◆ **EXERCISE GOAL**
Repeat, exactly and in full, the lines of the listing below, but without any pictures.

================================

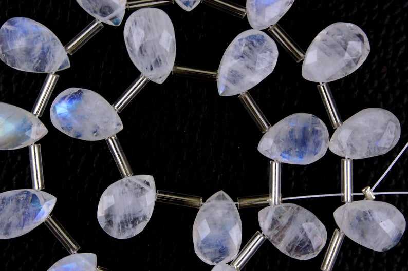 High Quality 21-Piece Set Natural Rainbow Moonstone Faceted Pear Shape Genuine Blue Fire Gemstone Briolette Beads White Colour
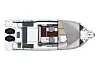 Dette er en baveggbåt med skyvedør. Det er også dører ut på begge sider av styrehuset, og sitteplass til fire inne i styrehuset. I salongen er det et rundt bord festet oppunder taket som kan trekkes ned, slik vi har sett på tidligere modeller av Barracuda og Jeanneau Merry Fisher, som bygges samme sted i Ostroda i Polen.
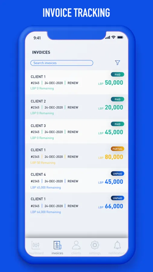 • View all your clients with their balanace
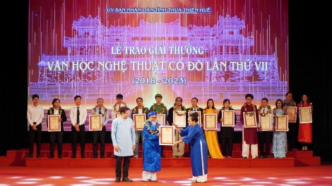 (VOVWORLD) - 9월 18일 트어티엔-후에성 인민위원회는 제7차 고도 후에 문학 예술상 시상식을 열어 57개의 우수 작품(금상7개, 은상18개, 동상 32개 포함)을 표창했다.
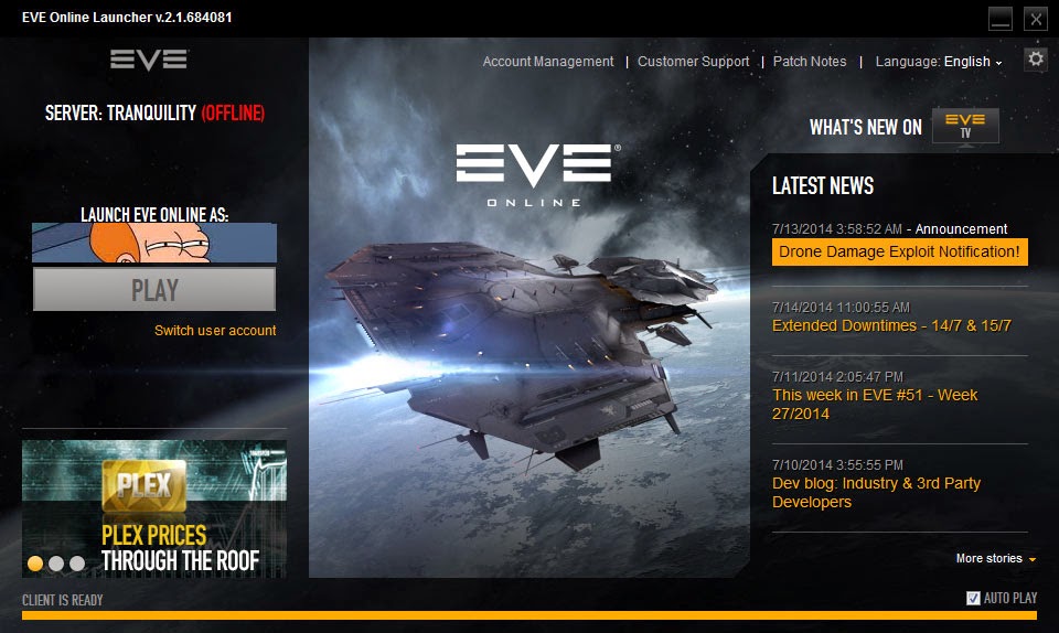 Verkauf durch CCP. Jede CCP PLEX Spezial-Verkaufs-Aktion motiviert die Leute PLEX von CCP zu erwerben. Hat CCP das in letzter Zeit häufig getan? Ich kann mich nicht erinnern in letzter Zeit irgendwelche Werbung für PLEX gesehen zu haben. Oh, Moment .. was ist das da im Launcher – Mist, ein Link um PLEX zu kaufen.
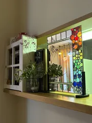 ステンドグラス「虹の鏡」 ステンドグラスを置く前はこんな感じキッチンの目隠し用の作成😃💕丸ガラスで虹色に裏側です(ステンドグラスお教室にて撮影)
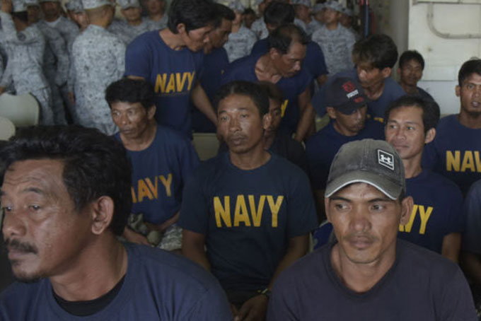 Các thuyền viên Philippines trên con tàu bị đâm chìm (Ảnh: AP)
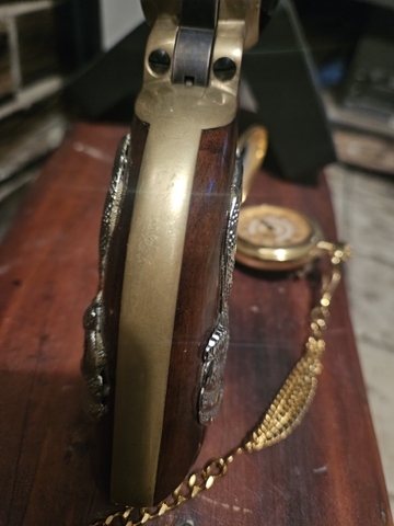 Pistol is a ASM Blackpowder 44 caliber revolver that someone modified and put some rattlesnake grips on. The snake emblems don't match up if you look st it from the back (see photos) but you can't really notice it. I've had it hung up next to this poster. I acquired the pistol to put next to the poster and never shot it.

================================

◆ **YOUR SOLUTION**
 High Quality 21-Piece Set Natural Rainbow Moonstone Faceted Pear Shape Genuine Blue Fire Gemstone Briolette Beads White Colour
 Dette er en baveggbåt med skyvedør. Det er også dører ut på begge sider av styrehuset, og sitteplass til fire inne i styrehuset. I salongen er det et rundt bord festet oppunder taket som kan trekkes ned, slik vi har sett på tidligere modeller av Barracuda og Jeanneau Merry Fisher, som bygges samme sted i Ostroda i Polen.
 • View all your clients with their balanace
 (VOVWORLD) - 9월 18일 트어티엔-후에성 인민위원회는 제7차 고도 후에 문학 예술상 시상식을 열어 57개의 우수 작품(금상7개, 은상18개, 동상 32개 포함)을 표창했다.
 Verkauf durch CCP. Jede CCP PLEX Spezial-Verkaufs-Aktion motiviert die Leute PLEX von CCP zu erwerben. Hat CCP das in letzter Zeit häufig getan? Ich kann mich nicht erinnern in letzter Zeit irgendwelche Werbung für PLEX gesehen zu haben. Oh, Moment .. was ist das da im Launcher – Mist, ein Link um PLEX zu kaufen.
 ステンドグラス「虹の鏡」 ステンドグラスを置く前はこんな感じキッチンの目隠し用の作成😃💕丸ガラスで虹色に裏側です(ステンドグラスお教室にて撮影)
 Các thuyền viên Philippines trên con tàu bị đâm chìm (Ảnh: AP)
 Pistol is a ASM Blackpowder 44 caliber revolver that someone modified and put some rattlesnake grips on. The snake emblems don't match up if you look st it from the back (see photos) but you can't really notice it. I've had it hung up next to this poster. I acquired the pistol to put next to the poster and never shot it.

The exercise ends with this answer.